The children were wide-eyed and spellbound as the teacher continued in an animated fashion.

"But then a snake came in the garden, and he was really Satan the devil in disguise. He told Eve to go ahead and eat the fruit, and not to pay God any mind, since they would be Gods themselves if they ate the fruit. So Eve ate the fruit and shared it with Adam. Well, when they ate that fruit, they were no longer innocent. They realized they were naked and needed to put on clothes. So God came and punished him for their disobedience by putting them out of the garden. That how sin and all other forms of evil came into the world. That is why it is so important for you children to obey when wise adults tell you not to do things."

After she said this, Lucas excitedly raised his hand. Miss Carruth quietly groaned to herself and said, "Does anyone else have any questions?"

"I do! I do!" replied Lucas, while none of the other children had anything to say.

Miss Carruth sighed and rolled her eyes. "Okay Lucas. What is it this time?"

Lucas excitedly proclaimed, "Miss Carruth, that sounds just like a story Mr. Potts told me in his book full of Greek stories. He said a fellow named Zeus told a lady named Pandora not to open this box sort of like what you said about God telling Adam and Eve not to eat the fruit and.."

Miss Carruth opened her eyes wide and dropped her jaws in horror from this analogy. "Lucas," she hollered, "that will be enough. Let's go to the superintendant's office, now!"

"What did I do?" asked Lucas with an innocent expression.

Miss Carruth led Lucas out of the sanctuary as the other children laughed. Deacon Lemuel Barnes of the Sunday school was a retired part time insurance man and school teacher with a full gray head of hair, a brown tweed suit that matched his complexion, and thick horn-rimmed glasses. He walked with a cane and spoke with a slight whistle to his voice whenever he pronounced any word with the letter "s" that indicated that his dentures were loose, but he always carried himself in a dignified manner. He sifted through some paperwork at his desk when he heard a knock at his office door.

"Come in," said Mr. Barnes.

Miss Carruth entered the office after the instructed Lucas to stay outside. Lucas was still unsure of what the fuss was about, and stood in eager anticipation away from the door. He considered placing his ear next to the door to hear what was being said, but thought better of doing this, since he would be in more trouble if he was caught. Several minutes later, Miss Carruth exited the superintendent's office and Deacon Barnes called for Lucas to enter.

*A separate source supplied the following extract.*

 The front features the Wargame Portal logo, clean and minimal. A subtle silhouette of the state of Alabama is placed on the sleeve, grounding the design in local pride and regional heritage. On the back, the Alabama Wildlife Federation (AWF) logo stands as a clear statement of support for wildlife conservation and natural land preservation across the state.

The boy nervously entered the room as the superintendant closed the door. Lucas' hands shook as he had no idea what was about to happen or why.

"Now Lucas," began the deacon as he spoke calmly and deliberately with his hands held together below his chin, "we all know that you are a rather advanced child for your years."

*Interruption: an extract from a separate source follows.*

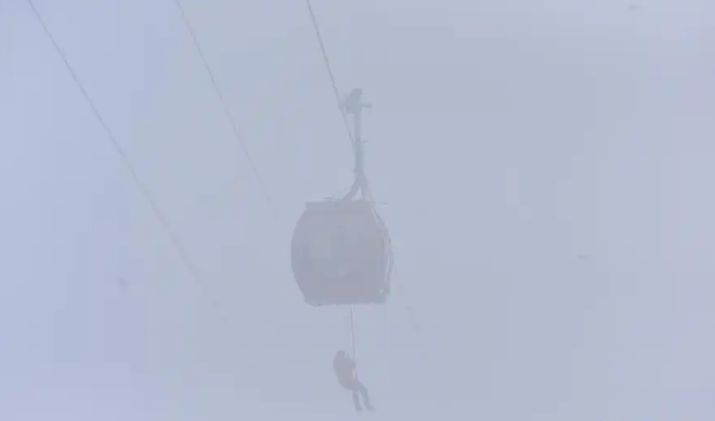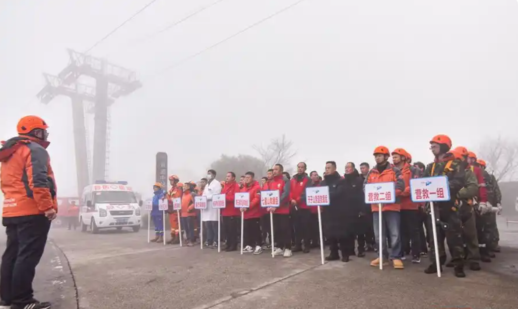演習(xí)正式開始,運行中的天門山索道突然停止,模擬轎廂中的乘客被困。今日山頂飄雪,演習(xí)現(xiàn)場大霧彌漫,能見度極低,這為救援行動增添了額外的難度和緊迫感。雖然現(xiàn)場氣溫接近0°,但救援人員已經(jīng)大汗淋漓。

"What did I do wrong?" asked the boy.

"Nothing really," explained the deacon. "You see, we understand that you read a lot of other books and are exposed to a lot of different things. But that is not the case with most of the other children, or most of the adults around here for that matter, and they may not be able to digest some of the things that you know. However, do understand that in this building and in these Sunday school classes, we go by what's in The Bible, and we don't want to confuse the other children."

"I don't understand," replied Lucas.

Mr. Barnes folded his eyeglasses and placed them into his suit jacket. "I know you don't. Perhaps one day when you are much older, you will think back on this and then you will. Perhaps, you will have and good smile and laugh when you look back on this incident, but for right now, just remember that while we are here, we are to stick with The Bible."

Lucas asked, "So am I going to be punished?" "Of course not," replied the superintendent as a smile slowly began to appear on his face. He rose and patted the boy on his shoulder "In fact, I'm very pleased that you are as smart as you are. I hope that as you grow older, you'll use that intelligence for all the right things. But for right now, the other children are just not ready for those other kinds of stories. If we teach them The Bible and they hear something else at this age, it would just get them mixed up and may even make them disobedient, so just leave them alone while you're here and go back to class."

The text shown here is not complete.